The problem with this line of thinking is that while most of us realize that our games could use some improvement (I mean, who doesn’t want to get better?), we approach our game improvement in the same way that many of us approached our finals in college; we wait until the last minute, and then have some major cram sessions.  And if we are honest with ourselves, we KNOW that those cram sessions didn’t really lead to any lasting knowledge, and we know that our golf ‘cram sessions’ don’t really lead to any lasting improvement in our games.
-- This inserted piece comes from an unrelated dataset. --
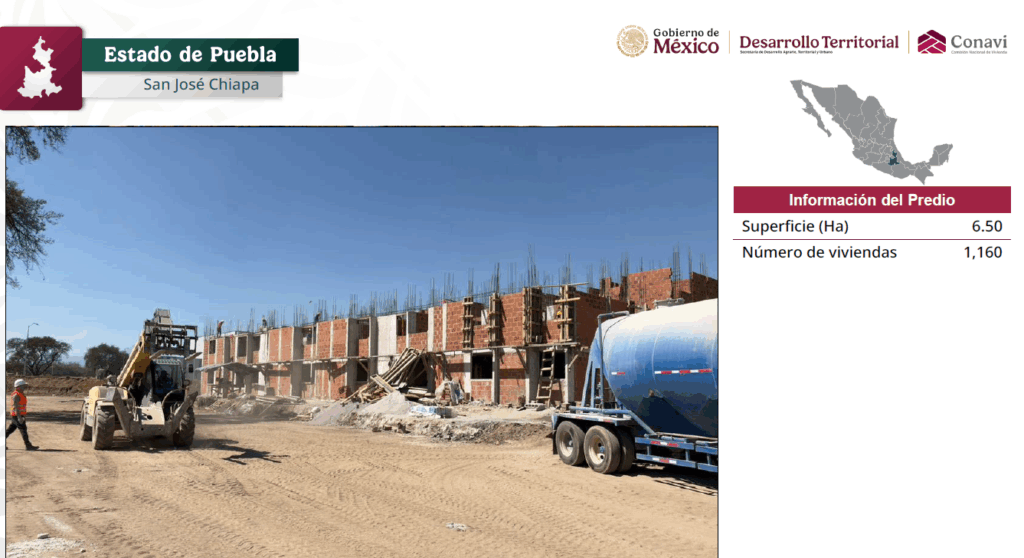 Como parte de las acciones del FOVISSSTE para Vivienda para el Bienestar, en el que construirá 100 mil viviendas, agregó que ya se tienen 30.4 hectáreas para producir vivienda y se tienen listos los terrenos para el inicio de obras en Puebla y Chiapas.

If you study the people whose livelihood is there golf game, the touring professionals, you will see a completely different approach about making improvements to their swing, or any other part of their game.  They get instruction in the fall, and then spend the WINTER months working on making the changes necessary in order to improve.
I often get asked by students when the best time of the year is to take attend a golf school, and often they are surprised by my answer – the FALL.  Why?

Well, it’s the same reason the pro’s use the fall and winter months to make changes.  When you get instruction in the fall, you then have plenty of time in the off season to practice new feelings, and make positive changes in your game.  By practicing and making changes in the fall and winter, you aren’t under the pressure of your regular league play, or your weekly foursome match, you are free to focus on your changes, and more importantly, you have the time necessary to make the changes permanent.

Going into this fall, I challenge you to change your thinking about when the best time to work on your game is, and start to think about your game in the same frame of mind that a touring professional does.  If you do this, come next spring, you’ll be pleasantly surprised at how your game “hits the ground running”.